* [What to do]:
Would you repeat exactly the part of the listing below that runs from the line containing "- Kitchen with" down to the line containing "Weddings are in", inclusive, and nothing else?

* [Given data]:
........
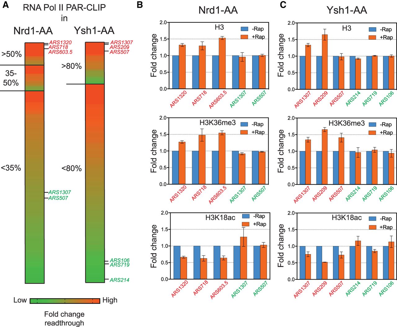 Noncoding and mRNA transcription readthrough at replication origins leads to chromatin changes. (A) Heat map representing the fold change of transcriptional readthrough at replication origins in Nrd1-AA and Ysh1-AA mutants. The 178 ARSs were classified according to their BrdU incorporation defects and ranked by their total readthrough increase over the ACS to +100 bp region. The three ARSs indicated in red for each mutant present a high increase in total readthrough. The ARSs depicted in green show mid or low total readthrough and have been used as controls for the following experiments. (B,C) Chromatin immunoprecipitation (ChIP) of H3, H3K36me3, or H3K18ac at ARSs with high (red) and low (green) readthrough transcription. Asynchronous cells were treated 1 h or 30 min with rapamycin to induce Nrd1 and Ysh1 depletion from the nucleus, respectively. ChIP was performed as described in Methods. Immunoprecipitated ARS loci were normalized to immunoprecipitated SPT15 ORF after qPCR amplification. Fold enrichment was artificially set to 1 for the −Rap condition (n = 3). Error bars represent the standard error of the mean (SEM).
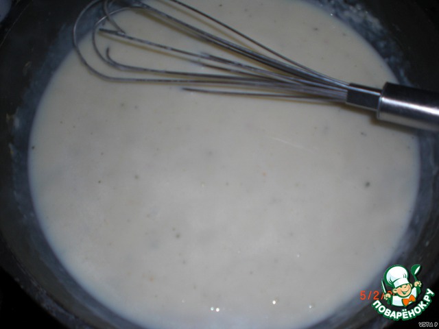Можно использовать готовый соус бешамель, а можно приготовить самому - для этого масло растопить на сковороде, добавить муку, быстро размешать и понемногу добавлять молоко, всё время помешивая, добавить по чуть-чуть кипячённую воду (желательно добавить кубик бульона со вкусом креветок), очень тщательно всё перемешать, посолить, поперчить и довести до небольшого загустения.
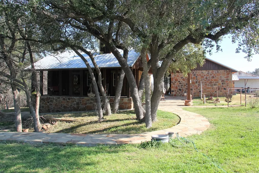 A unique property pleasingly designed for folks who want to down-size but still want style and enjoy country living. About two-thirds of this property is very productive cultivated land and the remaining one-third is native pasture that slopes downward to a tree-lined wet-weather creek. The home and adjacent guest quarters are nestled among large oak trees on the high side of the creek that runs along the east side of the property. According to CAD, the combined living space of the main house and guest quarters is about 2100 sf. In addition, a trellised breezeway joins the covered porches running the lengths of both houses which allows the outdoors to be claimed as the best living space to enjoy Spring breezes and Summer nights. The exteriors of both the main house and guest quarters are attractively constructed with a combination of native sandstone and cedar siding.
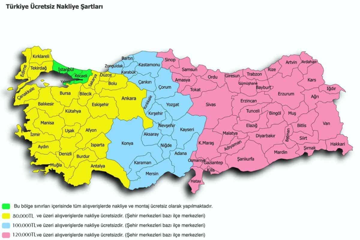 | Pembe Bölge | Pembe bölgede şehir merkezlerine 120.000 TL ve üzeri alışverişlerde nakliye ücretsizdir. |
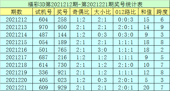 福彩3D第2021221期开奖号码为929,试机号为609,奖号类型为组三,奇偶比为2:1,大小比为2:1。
........
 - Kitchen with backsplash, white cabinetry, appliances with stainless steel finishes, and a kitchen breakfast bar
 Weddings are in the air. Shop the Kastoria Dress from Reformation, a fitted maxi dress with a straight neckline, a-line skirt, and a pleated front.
........
* [Output below]:
 - Kitchen with backsplash, white cabinetry, appliances with stainless steel finishes, and a kitchen breakfast bar
 Weddings are in the air. Shop the Kastoria Dress from Reformation, a fitted maxi dress with a straight neckline, a-line skirt, and a pleated front.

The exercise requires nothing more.